(TASK): Beneath this line are the data; copy exactly the part of them that opens with the line containing "A5 notebook with" and closes with the line containing "Beach, snow, there", and only that part.

Start of EXERCISE INPUT

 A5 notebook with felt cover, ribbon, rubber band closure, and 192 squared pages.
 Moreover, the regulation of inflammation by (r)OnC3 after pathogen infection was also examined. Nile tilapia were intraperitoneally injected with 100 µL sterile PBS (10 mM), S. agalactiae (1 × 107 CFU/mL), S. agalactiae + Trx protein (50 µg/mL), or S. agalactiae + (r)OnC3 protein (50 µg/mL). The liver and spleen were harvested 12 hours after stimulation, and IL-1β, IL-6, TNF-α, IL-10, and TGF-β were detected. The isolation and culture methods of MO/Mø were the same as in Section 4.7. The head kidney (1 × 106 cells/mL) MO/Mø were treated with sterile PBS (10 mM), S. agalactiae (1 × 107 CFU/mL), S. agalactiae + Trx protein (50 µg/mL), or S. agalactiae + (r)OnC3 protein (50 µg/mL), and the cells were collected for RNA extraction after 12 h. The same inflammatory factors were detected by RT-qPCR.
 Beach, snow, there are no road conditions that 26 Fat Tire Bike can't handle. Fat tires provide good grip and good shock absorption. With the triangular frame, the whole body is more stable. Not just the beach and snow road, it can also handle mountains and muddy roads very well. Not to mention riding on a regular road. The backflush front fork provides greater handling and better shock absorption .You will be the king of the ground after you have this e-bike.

End of EXERCISE INPUT
Start of EXERCISE INPUT

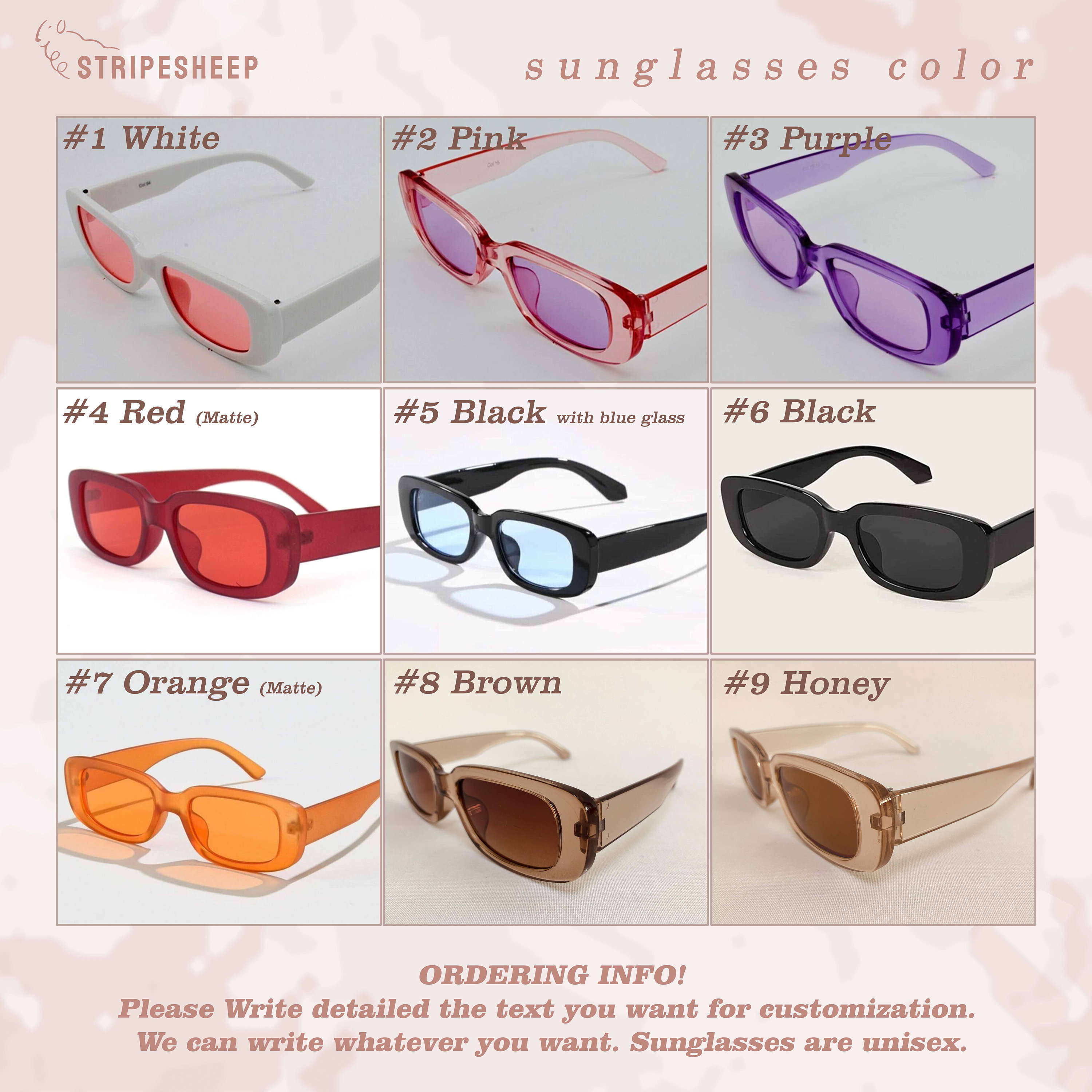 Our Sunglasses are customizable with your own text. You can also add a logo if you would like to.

End of EXERCISE INPUT

(OUTPUT OF THE TASK):
 A5 notebook with felt cover, ribbon, rubber band closure, and 192 squared pages.
 Moreover, the regulation of inflammation by (r)OnC3 after pathogen infection was also examined. Nile tilapia were intraperitoneally injected with 100 µL sterile PBS (10 mM), S. agalactiae (1 × 107 CFU/mL), S. agalactiae + Trx protein (50 µg/mL), or S. agalactiae + (r)OnC3 protein (50 µg/mL). The liver and spleen were harvested 12 hours after stimulation, and IL-1β, IL-6, TNF-α, IL-10, and TGF-β were detected. The isolation and culture methods of MO/Mø were the same as in Section 4.7. The head kidney (1 × 106 cells/mL) MO/Mø were treated with sterile PBS (10 mM), S. agalactiae (1 × 107 CFU/mL), S. agalactiae + Trx protein (50 µg/mL), or S. agalactiae + (r)OnC3 protein (50 µg/mL), and the cells were collected for RNA extraction after 12 h. The same inflammatory factors were detected by RT-qPCR.
 Beach, snow, there are no road conditions that 26 Fat Tire Bike can't handle. Fat tires provide good grip and good shock absorption. With the triangular frame, the whole body is more stable. Not just the beach and snow road, it can also handle mountains and muddy roads very well. Not to mention riding on a regular road. The backflush front fork provides greater handling and better shock absorption .You will be the king of the ground after you have this e-bike.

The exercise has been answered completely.